*What you have to do*:
For this task, extract exactly the lines of the data below, from the line containing "Bring a seaside" through the last one, with pictures left out.

*Records for this task*:
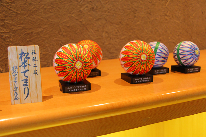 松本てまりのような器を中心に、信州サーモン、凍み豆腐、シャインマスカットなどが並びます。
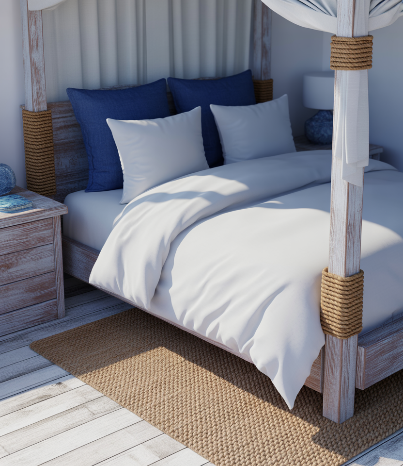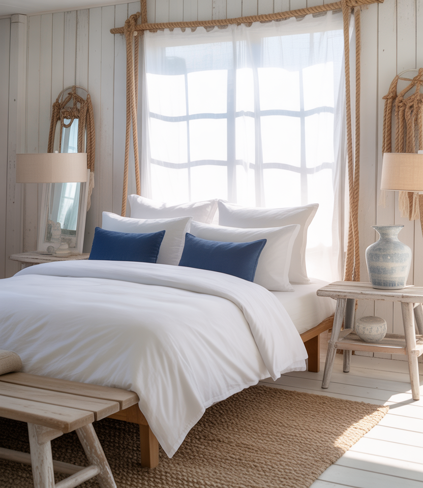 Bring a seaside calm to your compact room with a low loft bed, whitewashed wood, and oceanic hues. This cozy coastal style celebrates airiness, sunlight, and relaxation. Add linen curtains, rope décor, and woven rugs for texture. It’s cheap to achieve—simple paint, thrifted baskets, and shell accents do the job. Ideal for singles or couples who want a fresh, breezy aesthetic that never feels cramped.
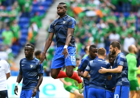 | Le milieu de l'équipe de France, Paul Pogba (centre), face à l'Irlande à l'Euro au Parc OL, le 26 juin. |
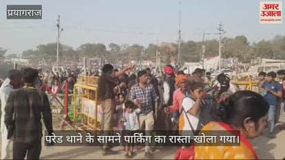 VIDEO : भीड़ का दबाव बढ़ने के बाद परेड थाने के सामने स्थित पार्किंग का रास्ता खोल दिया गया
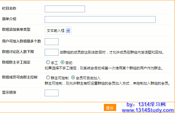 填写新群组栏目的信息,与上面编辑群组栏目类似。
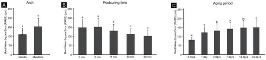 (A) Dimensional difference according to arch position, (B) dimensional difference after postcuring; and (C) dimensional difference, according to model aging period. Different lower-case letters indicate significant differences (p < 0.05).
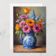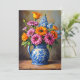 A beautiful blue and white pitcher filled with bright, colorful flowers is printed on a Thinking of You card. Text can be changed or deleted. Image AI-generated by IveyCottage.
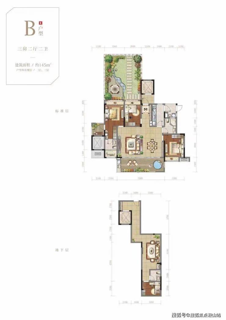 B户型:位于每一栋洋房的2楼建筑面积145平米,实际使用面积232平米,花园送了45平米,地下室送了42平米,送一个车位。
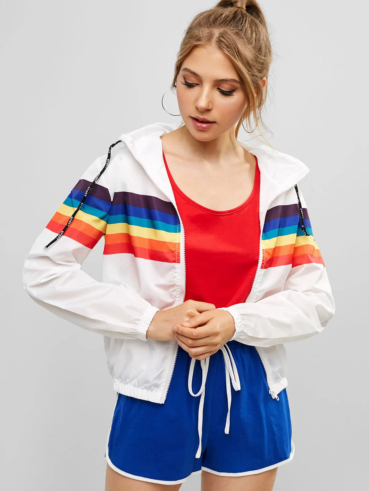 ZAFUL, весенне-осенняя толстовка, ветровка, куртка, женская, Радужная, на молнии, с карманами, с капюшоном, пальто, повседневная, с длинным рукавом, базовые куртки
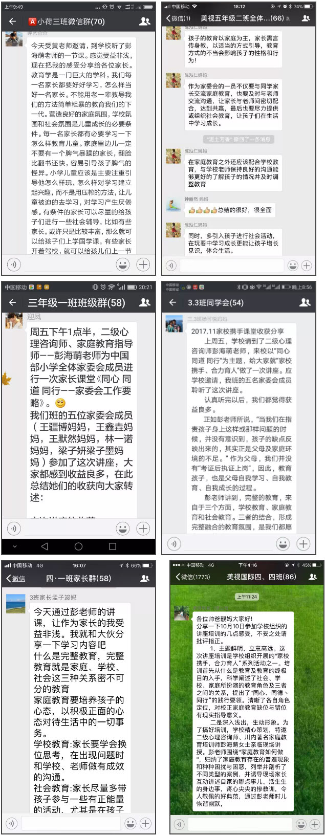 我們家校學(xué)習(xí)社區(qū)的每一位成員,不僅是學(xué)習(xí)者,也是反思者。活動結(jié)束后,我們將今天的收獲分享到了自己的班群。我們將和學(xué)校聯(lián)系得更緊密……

*Response to this exercise*:
 Bring a seaside calm to your compact room with a low loft bed, whitewashed wood, and oceanic hues. This cozy coastal style celebrates airiness, sunlight, and relaxation. Add linen curtains, rope décor, and woven rugs for texture. It’s cheap to achieve—simple paint, thrifted baskets, and shell accents do the job. Ideal for singles or couples who want a fresh, breezy aesthetic that never feels cramped.
 | Le milieu de l'équipe de France, Paul Pogba (centre), face à l'Irlande à l'Euro au Parc OL, le 26 juin. |
 VIDEO : भीड़ का दबाव बढ़ने के बाद परेड थाने के सामने स्थित पार्किंग का रास्ता खोल दिया गया
 填写新群组栏目的信息,与上面编辑群组栏目类似。
 (A) Dimensional difference according to arch position, (B) dimensional difference after postcuring; and (C) dimensional difference, according to model aging period. Different lower-case letters indicate significant differences (p < 0.05).
 A beautiful blue and white pitcher filled with bright, colorful flowers is printed on a Thinking of You card. Text can be changed or deleted. Image AI-generated by IveyCottage.
 B户型:位于每一栋洋房的2楼建筑面积145平米,实际使用面积232平米,花园送了45平米,地下室送了42平米,送一个车位。
 ZAFUL, весенне-осенняя толстовка, ветровка, куртка, женская, Радужная, на молнии, с карманами, с капюшоном, пальто, повседневная, с длинным рукавом, базовые куртки
 我們家校學(xué)習(xí)社區(qū)的每一位成員,不僅是學(xué)習(xí)者,也是反思者。活動結(jié)束后,我們將今天的收獲分享到了自己的班群。我們將和學(xué)校聯(lián)系得更緊密……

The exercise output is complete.